Large Las Vegas developer seeks to renegotiate loans

The flagging Southern Nevada real estate market is giving major headaches to developers large and small. The overbuilt housing environment and the mortgage industry woes as one-two punch are putting tremendous pressure on them as they look for ways to survive. It's actually somewhat of a surprise that so many of them have hung in there this long.

Focus Property Group is one of the bigger developers in the Las Vegas valley and it recently announced that it'll cease making interest payments on several loans totaling $500 million. The debt is secured by land located in Las Vegas, Pahrump and Victorville, CA. The company is well-known in the area for actively buying vast tracts of land in the Bureau of Land Management auctions, often persistently outbidding the competition.

Focus relied on hard money lenders to finance the land acquisitions, firms that get funds from private investors and then lend that to developers on short-term basis and usually at interest rates in double-digits. In a market downturn like now, this type of financing quickly becomes harder to satisfy than the usual mainstream arrangements.
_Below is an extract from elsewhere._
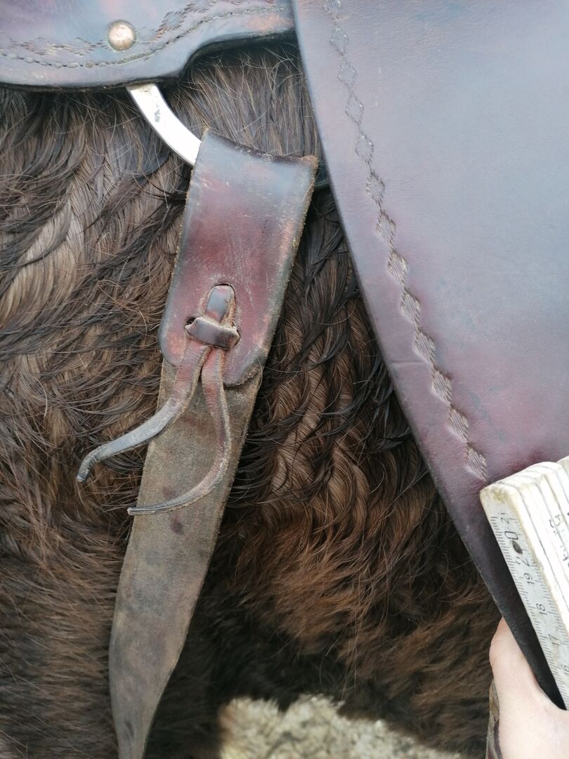 Western-sadel - Gammal begagnad western-sadel med lätta tecken på slitage. Sadellängd 61 cm, maggrimma 90 cm (möjligt på begäran), stigbyglar justerbara. Med mönster på sätet. Handgjord av BILLY COOK SADDLERY Longhom. Bredd 47 cm.

The developer has hired the Blackstone Group to advise it on restructuring the multiple obligations and it's not planning to file for bankruptcy. For one it's hoping for forbearance on the interest payments for up to two years. It's also gazing into the future and sees that the real estate and mortgage chaos will likely pass in a few years and the Las Vegas market will predictably become viable again. That assessment certainly has many backers in the local business community. The promising future here might convince its lenders to work out a mutually acceptable solution to the debt dilemma.